Auch Adela Picón, deren Reise nun umgekehrt in Melilla, wo sie zur Welt kam, begann, auf das spanische Festland und weiter nach Bern führte, kennt diese Problematiken, ist sensibilisiert dafür, wie in der Schweiz, diesem ausserhalb der EU gelegenen Sonderfall Normalität, verschiedene Nationalitäten miteinander nebeneinander leben, wie hier unterschwellig, oder auch ganz offen, eine Ausländerfeindlichkeit und Ausgrenzung praktiziert wird. Sie hat es uns in ihrer Arbeit „Pass auf“ vorgeführt, hat uns darauf aufmerksam gemacht, wie subjektiv Auswahlkriterien sein können, hat es uns selber ausprobieren lassen. Und sieht nun wie ironischerweise gerade in ihrer Geburtsstadt eine Ausgrenzungspolitik bis zum Tode stattfindet. Bilder davon haben wir durch die Überwachungskamera der spanischen Polizei. Sie zeigen uns, wie die Menschen über die beiden Zäune klettern. Sie sind schwarz-weiss und unscharf, bewegt, jedoch in einem unwirklich erscheinenden Tempo und lassen dadurch mehr erahnen als erkennen, alles erscheint wie in einem Traum. Traumbilder:  Adela Picon hat die Sequenz geloopt, übersteigert dadurch noch die inhärente Unwirklichkeit und das Fantastische der Szene. Kennt man den Zusammenhang nicht, könnte man leicht der Ästhetik der Unschärfe und der rhythmischen Bewegung des Bildes verfallen. Adela Picon fühlte sich bei der Sequenz an Goyas Arbeiten erinnert. In der Tat ist der Effekt ein ähnlicher. Auf einen ersten Blick erscheint alles harmlos, entwickelt jedoch einen nicht geringen Schockeffekt, sobald man sich der Thematik gewahr wird.
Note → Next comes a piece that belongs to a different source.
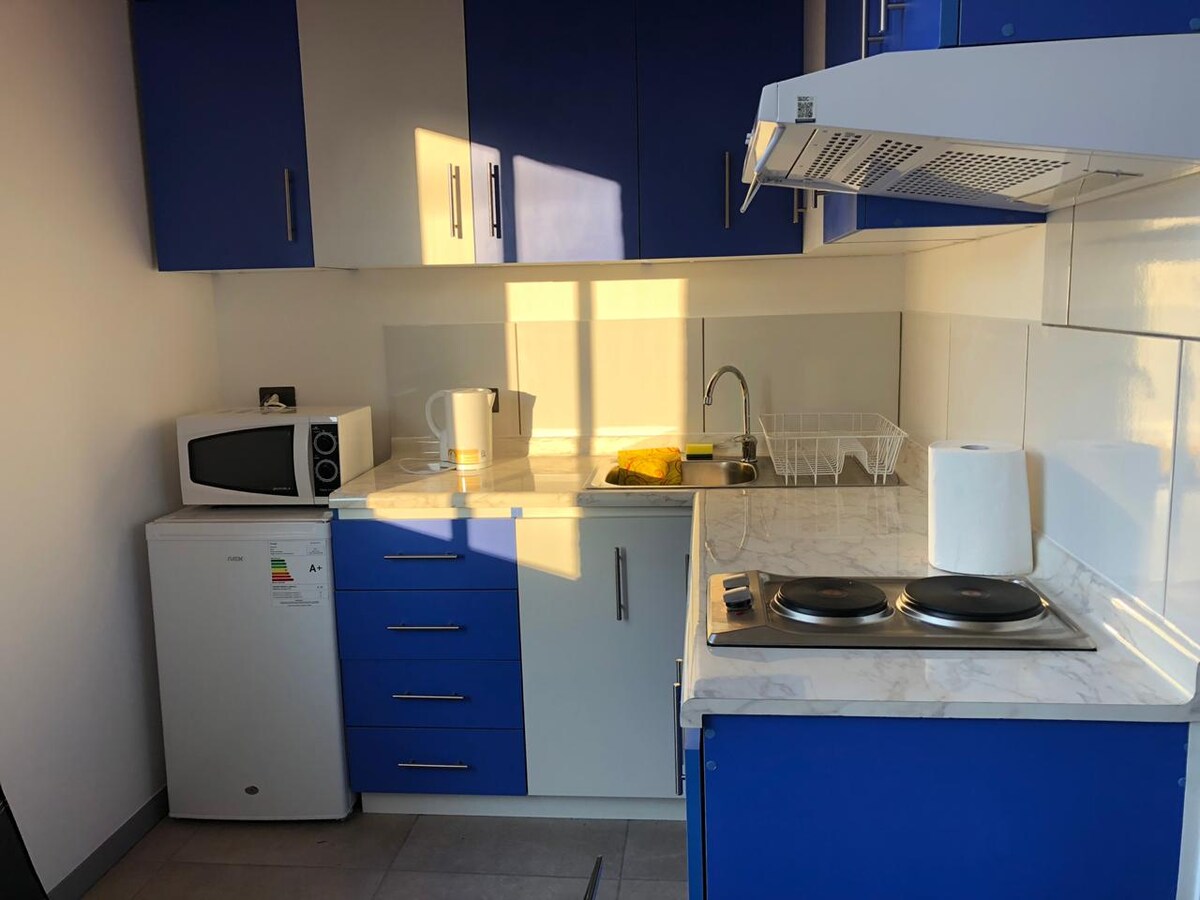 It's a small but cozy apartment, with a living room connected to the bedroom. The kitchen is separate and has all the necessary cooking utensils. The bathroom has a nice design and is very comfortable to use. The TV is in the living/dining room, and you can watch it from the bedroom. For the winter, the air conditioning works as a heater that blows hot air.

Die Fotografien von Driss Manchoube – auch er ein „Ausländer“ – nehmen das Schwarzweiss des Videos auf und führen es weiter. Sie sind das Produkt des Endes einer ersten und Anfangs einer anderen Reise. Der gebürtige Marokkaner, aufgewachsen in ärmsten Verhältnissen, verliess sein Land mit neunzehn, arbeitete sieben Jahre in Frankreich am Fliessband, kam 1976 mit seiner Frau nach Bern und liess sich hier nieder. Driss Manchoube, also auch er keiner der globalen Jetsetter, nicht freiwillig auf Reisen, sondern getrieben von der Hoffnung auf ein besseres Leben, auf ein Land, wo man ankommen kann, sich niederlassen kann. Für ihn erfüllte sich diese Hoffnung. Angekommen in der Schweiz begann nun für den Immigranten im fremden Land eine nächste Reise, die jedoch weniger politischer, denn künstlerischer Natur ist: er fängt an zu fotografieren. Und was als Erkundung des unmittelbaren Umfelds, vor allem seiner Familie, anfängt, weitet sich aus zu einer Reise durch die Schweiz, zur Erkundung fremder Sitten und Gebräuche, einer ihm unbekannten Lebensart, die er einerseits an Festen, Märkten, der Fasnacht, an Hochzeiten, aber auch Demonstrationen zu finden sucht. Driss Manchoube hält mit einer ungebändigten Neugier fest, was ihm auffällt, was er als Schweizerisch empfindet, was ihn bewegt. Für einmal sind wir die Anderen. Andererseits sind es jedoch auch die menschenleeren Plätze, durch die ihn seine Reise führt, entlang eines Weges zu einer trostlosen Wohnsiedlung, den Blick auf die Strasse gelenkt, auf dessen Mittelstreifen ein toter Vogel liegt, durch hügelige Wiesen, hinter einem Zaun drei Ziegen. Einsam und melancholisch erscheint hier die Welt, verlassen und öde. Interessant wie ähnlich diese Stimmung der der Bilder Martin Looslis ist. Eine melancholische Reise, die wir hier angetreten haben. Doch die Hoffnung, sie stirbt bekanntlich zuletzt.